Wherein the third light source is configured to illuminate light within a third illumination range at a third distance from the third light source,

Wherein the fourth light source is configured to illuminate light within a fourth illumination range a fourth distance from the first light source,

wherein the third distance and the second distance are equal to each other, and wherein the second distance is greater than the first distance.

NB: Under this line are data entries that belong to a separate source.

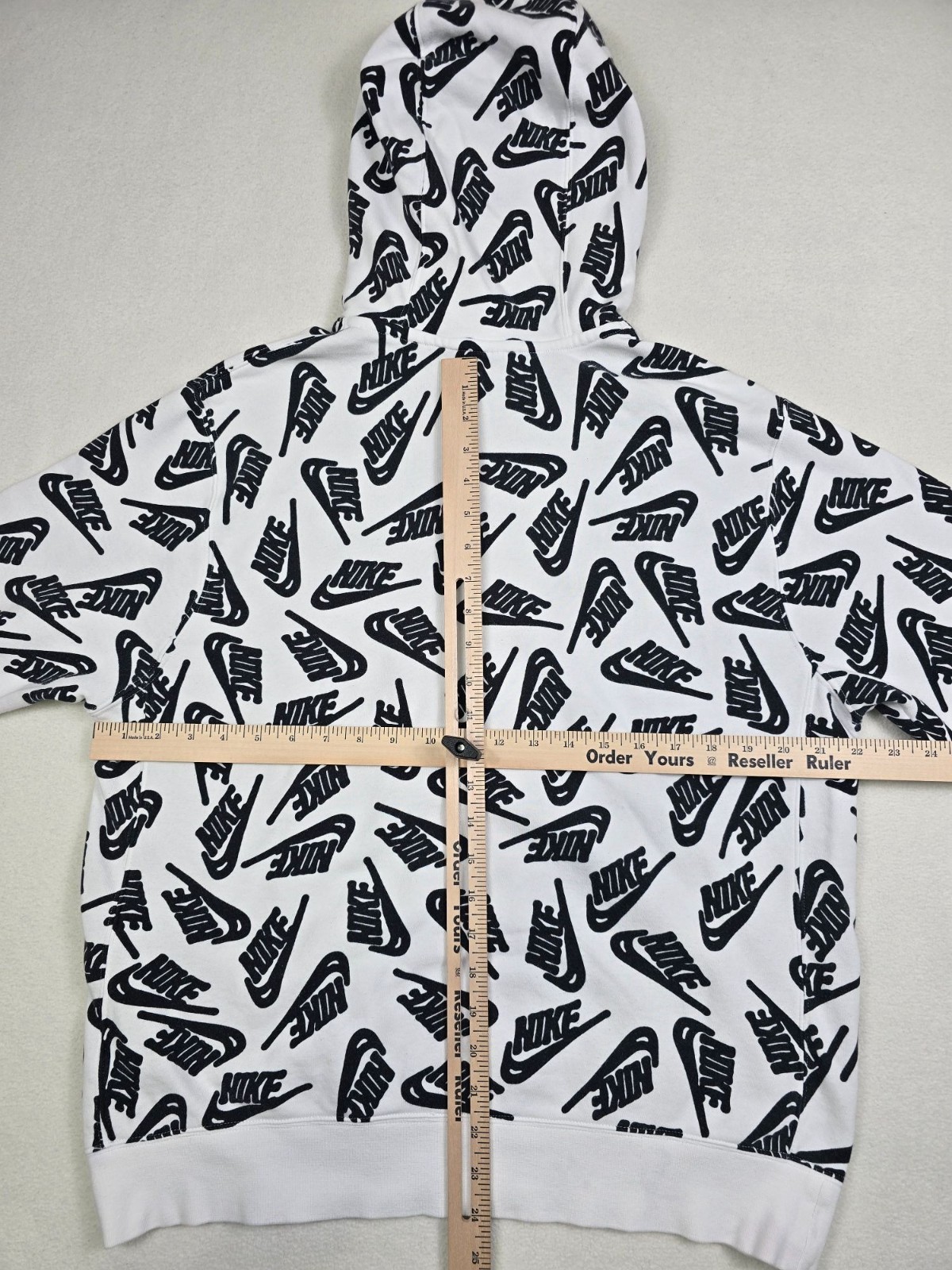 как выглядит Nike Hoodie Sweatshirt Medium Black White Allover Logo Print фото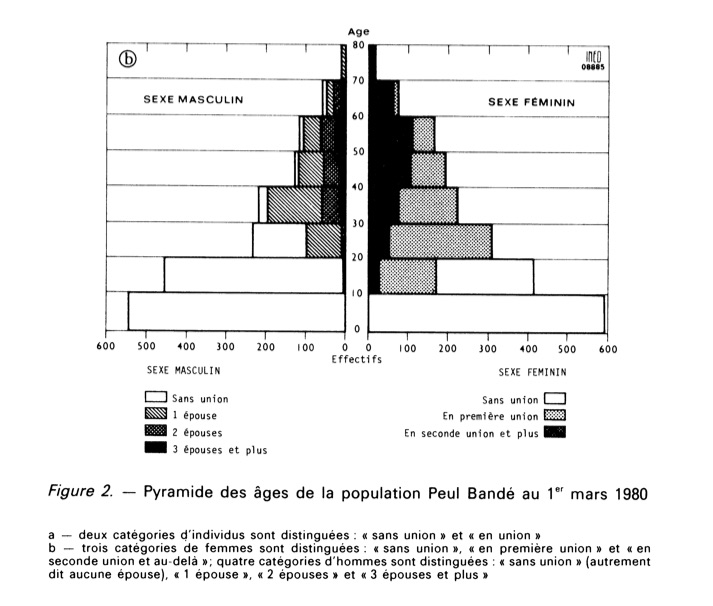 • la forme de la pyramide, très large à la base et se resserrant assez vite et régulièrement lorsqu’on monte dans l’échelle des âges, renforce elle aussi l’effet de l’écart d’âge au premier mariage. Cette forme, que l’on retrouve dans tous les pays en développement, est liée au niveau de fécondité et de mortalité, dont résulte chez les Peul Bandé une croissance de la population : en moyenne 12 pour 1000 par an au cours des 10 dernières années, cette croissance vient d’une natalité très élevée (52 pour 1000) en face d’une mortalité pourtant très élevée également (33 pour 1000) et d’une émigration assez forte (le solde migratoire — émigration moins immigration — est égale à 7 pour 1000). En raison de la croissance de la population, les générations successives sont de plus en plus nombreuses. Du fait de la différence d’âge au mariage, les hommes épousent des femmes appartenant à des générations plus jeunes que la leur, donc plus nombreuses. La polygamie se trouve donc favoriser.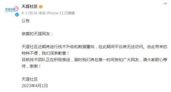 此前,天涯社区官方微博曾于4月1日发布公告称,近期将进行技术升级和数据重构,在此期间平台将无法访问,“请大家耐心等待”。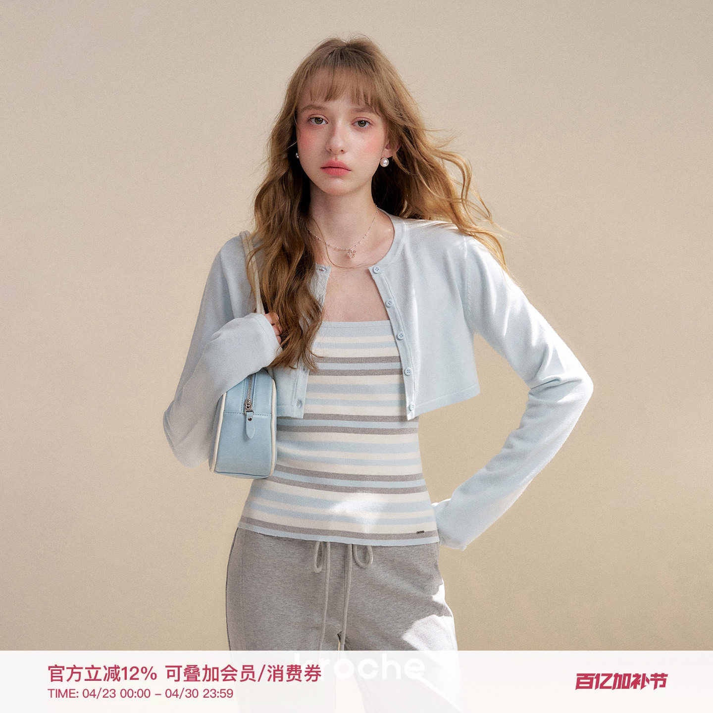 祝绪丹同款 Kroche 26ss 正肩长袖短款针织开衫+修身条纹吊带套装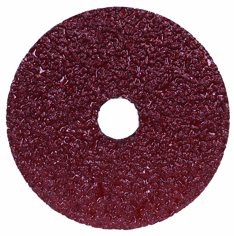 The most heavy-duty of coated abrasive discs: full resin bond on vulcanized (cotton fibers treated under intense pressure and heat) fiber backing. Designed for applications ranging from heavy stock removal to surface blending. Used with back up pads on portable angle grinders.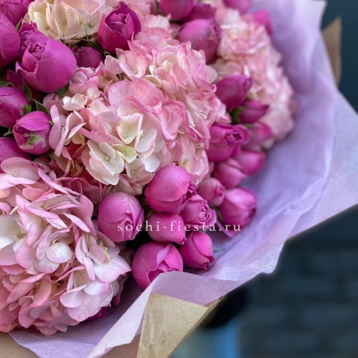 Букет белых гортензий и пионовидных роз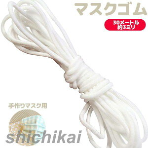 【素材】:ナイロン 【カラー】:ホワイト 【サイズ】:ゴムの幅3mm/長さ10m 【セット内容】:ゴム紐のみ ★丸タイプで柔軟な素材で手作りマスクはもちろん、赤ちゃんの衣料にも最適です ★ソフトに伸びて耳が痛くならない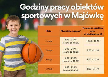Godziny pracy - Majówka Zapraszamy do aktywności fizycznej także w majówkę! Godziny otwarcia Pływalni i kompleksu sportowego przy Mickiewicza dostępne na grafice. Udanego wypoczynku!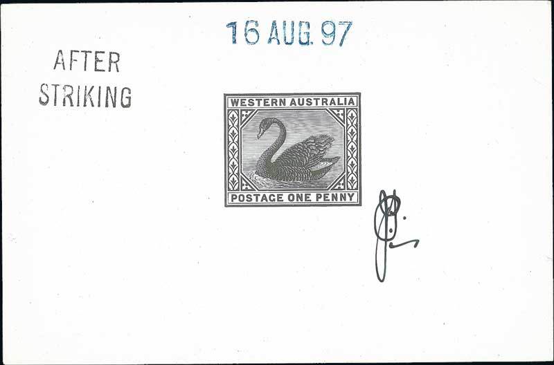 1d. in black on glazed card (92x60mm.), marked "after striking", dated "16 aug 97" and initialled, fine. Photo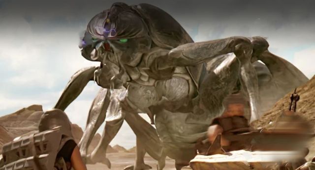 这是壳体虫,已演变成一张神似骷髅的脸;身体却保持着虫形,八爪着地腹部肥硕;腹部底端含毒液,经过之地寸草不生。

(22) The distance measuring system for a vehicle according to (21), further comprising:

A first wiring configured to couple the first light source to the single sensor; and

A second wiring configured to couple the second light source to the single sensor.

(23) The distance measuring system for a vehicle according to (22), further comprising:

A third wiring configured to couple the third light source to the single sensor; and

A fourth wiring configured to couple the fourth light source to the single sensor.

(24) the distance measurement system for a vehicle according to (22), further comprising third wiring configured to couple the third light source to the fourth light source.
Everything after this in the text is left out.